Again simple: pick the roaster, enter bean details, attach the bag photo, and done.

3. Log a Brew

This is the form I open every single time I brew coffee. It does the smart stuff:

  • Pick the bean I’m brewing
  • Automatically show the last brew I made with that bean
  • Pull in my “next time” notes
  • Let me enter dose, water, temp, extraction notes, etc.
  • Let me rate the brew
  • Save new next-time notes for the future

This creates a loop: each brew informs the next brew. And if I have several beans open at the same time, it still stays totally organized—each bean always pulls its own history.

That’s the magic. Zero mental load. Just log and learn.

iOS Shortcuts for Instant Logging

To make this whole thing actually usable, I built two shortcuts:

Shortcut 1:

Launch Brew Logger

This opens the Fillout “Log a Brew” form instantly in my browser. One tap. No hunting around.

Shortcut 2:

Airtable Brews Interface

This goes straight to a custom Airtable Interface I built—a dashboard-style view showing:

  • Recently brewed beans
  • Key data
  • Quick links
  • Ratings and notes

Together, these shortcuts turn the system into something I can use half-asleep at 6am while juggling a crying baby.

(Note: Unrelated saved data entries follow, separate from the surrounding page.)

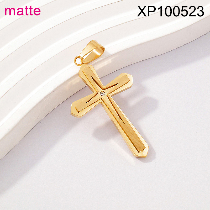 Level B Stainless Steel New Trendy Man Jewelry Golden Cross Matte Pendant
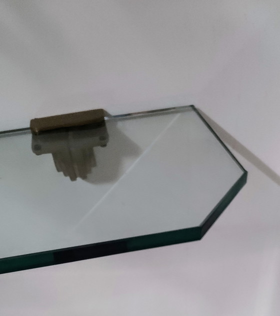 Deze door een bekende ontwerper uit de jaren 70 die veel met gegoten brons en glas werkte is dit de zeldzame 'R07 Pioneer Series' planken uit 1970 zijn een prachtig voorbeeld van mid-century modern design. De plank is gemaakt van hoogwaardig glas en wordt ondersteund door stevige messing beugels. Ze bieden een elegante en minimalistische uitstraling, perfect voor het tentoonstellen van decoratieve objecten of boeken. De combinatie van glas en messing geeft een luxe en tijdloze uitstraling aan elke ruimte.
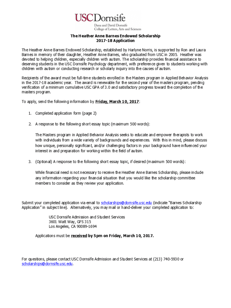 The Heather Anne Barnes Endowed Scholarship 201718 Application The Heather Anne Barnes Endowed Scholarship, established by Carlyle Norris, is supported by Ron and Laura Barnes in memory of their daughter,
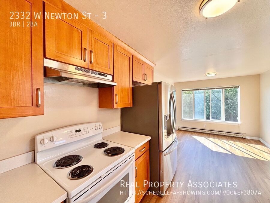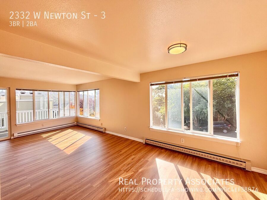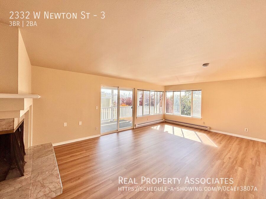 Welcome to this beautifully designed 3-bedroom, 2-bathroom unit part of a Triplex in the desirable neighborhood of Magnolia! Step into a wonderfully equipped kitchen with modern cabinets, countertops, and appliances throughout including a dishwasher. Continue in to find a dedicated area for dining that leads right into the large living room flooded with natural light and a fireplace for those colder months. Attached to the living room features a large balcony that connects to the primary bedroom. This balcony is carpeted, giving a cozy feel to the space, and covered for our rainy months. In the hallway you'll find two closets and in-unit laundry. Next there is a bathroom with a full bath shared between two of the bedrooms. The primary bedroom at the end of the hallway which connects to the balcony features a nice large closet for your storage needs, and its own private bathroom. Magnolia has so much to offer, with quick and easy access to downtown Seattle, Discovery Park, and grocery stores nearby you have everything you need in a close distance! 12 Month Lease Available! Water/Sewer/Garbage: Pro-rated based on occupancy Application: $45 per person/adult. Available Now, First & Deposit. Refundable Security Deposit: $3,195 1 pet max, under 35 lbs, no aggressive breeds - $30 pet application per pet - $300 refundable pet deposit and $35 monthly pet rent ***TO SCHEDULE A SHOWING***: Renter's legal liability insurance is required and part of the Benefits Package ($30 monthly). If qualifying legal liability insurance is purchased and provided by tenant to RPA, the benefit package can be reduced to $15 monthly for reduced benefits or waived upon request. Professionally managed by: Real Property Associates, Inc. Please contact or call *In-person Tour Only **Applicant Criteria - ***Please visit our company site at for accurate information regarding unit pricing and availability City Views Close To Parks/ Shops/ Restaurants Covered Balcony Easy Downtown Commute Full Kitchen Lots Of Natural Light Lots Of Storage Near Discovery Park Near Queen Anne And Ballard Private Balcony Quiet Neighborhood Small Pet Friendly Space Needle Views Tandem Parking
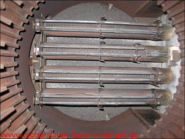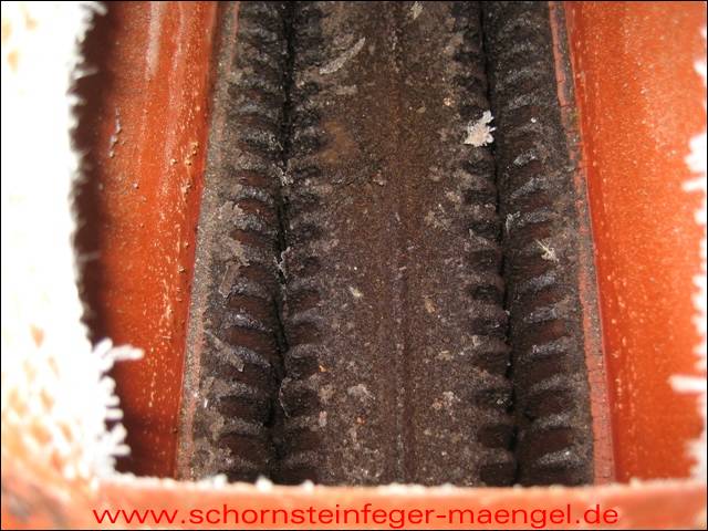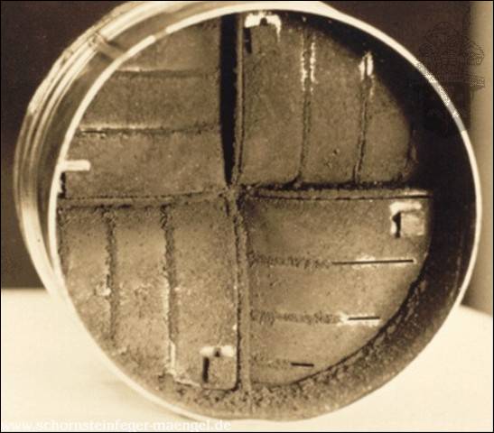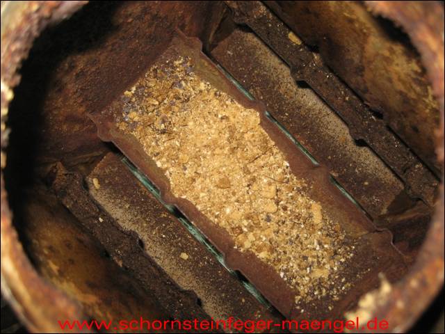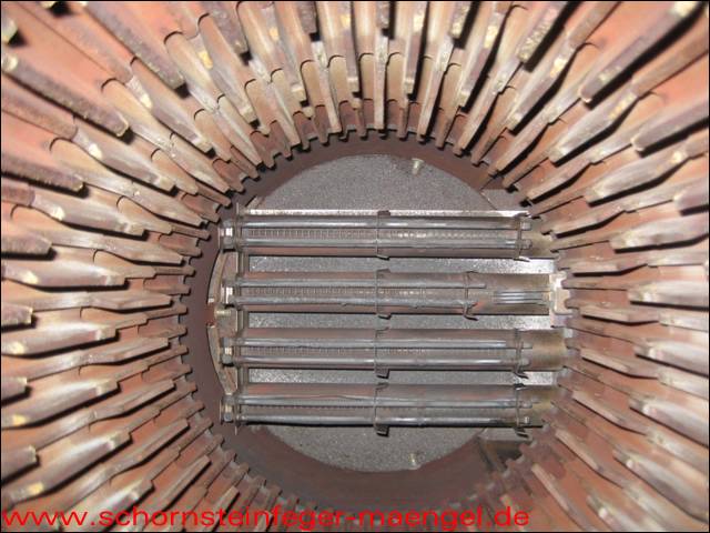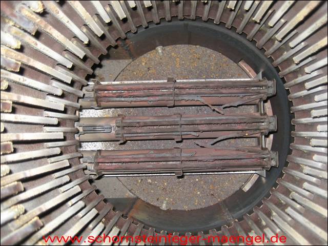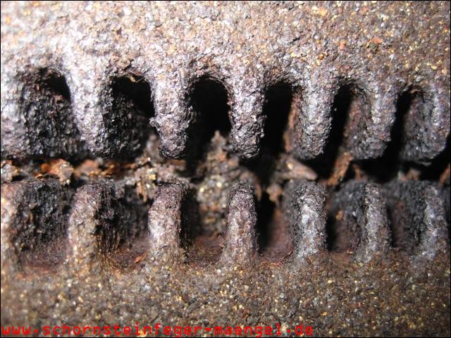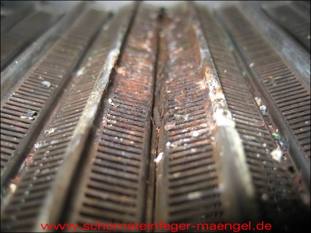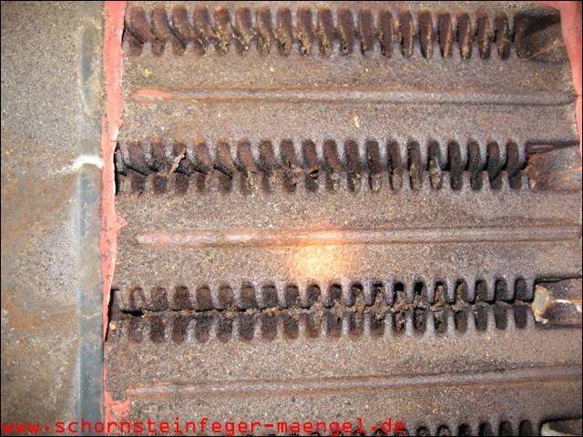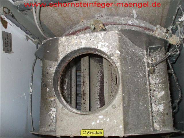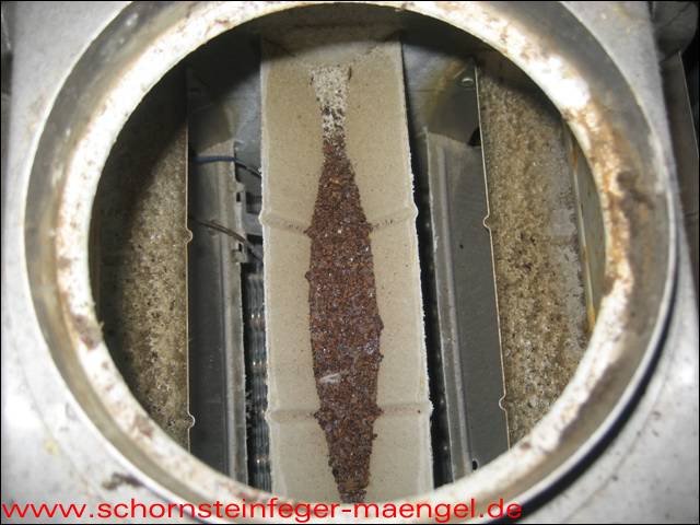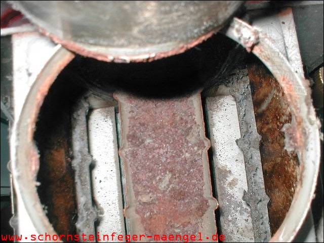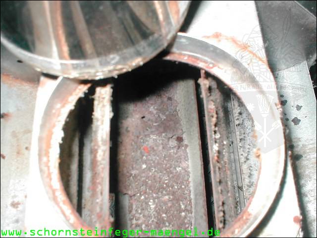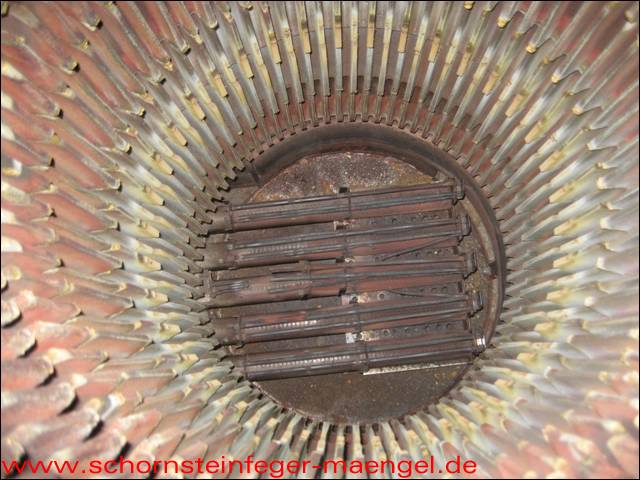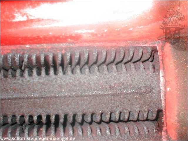 stark verschmutzte bzw. verrußte Wärmetauscher, obwohl gerade zuvor

Why This Setup Works So Ridiculously Well

This isn’t just a database. It’s a feedback engine.

Because I’m logging everything:

  • I found I’m not a huge Guatemalan-coffee person.
  • I discovered I love Ethiopian naturals—floral, fruity, slightly chaotic.
  • I noticed I tend to overextract without realizing it.
  • I’m learning which varietals actually resonate with me.

And because I have a GPT assistant I can plug my notes into, I can ask deeper questions. Stuff like:

  • “Why did this cup taste muted?”
  • “What patterns do you see in my high-rated brews?”
  • “Am I under-dosing washed Ethiopians?”

It’s like having a personal coffee coach who’s actually paying attention.

But none of this would matter if logging were clunky. Fillout makes the UX lighter than air. That’s the whole point.

The Bigger Lesson

Everything I built here is 100% free. Airtable free tier. Fillout free tier. Shortcuts free. GPT optional.

If an app on the market doesn’t satisfy you, that doesn’t mean the idea is dead. It just means you haven’t assembled the pieces yet. There’s almost always a clever, DIY way to do what you want, especially now that tools like Airtable and Fillout exist.

And in this case, the payoff is huge: I’m learning more about coffee than I ever expected—my preferences, my mistakes, my patterns—and I’m genuinely excited to see what the next few months of data uncovers.

Brewing coffee is already a ritual. Now it’s also a story I can read.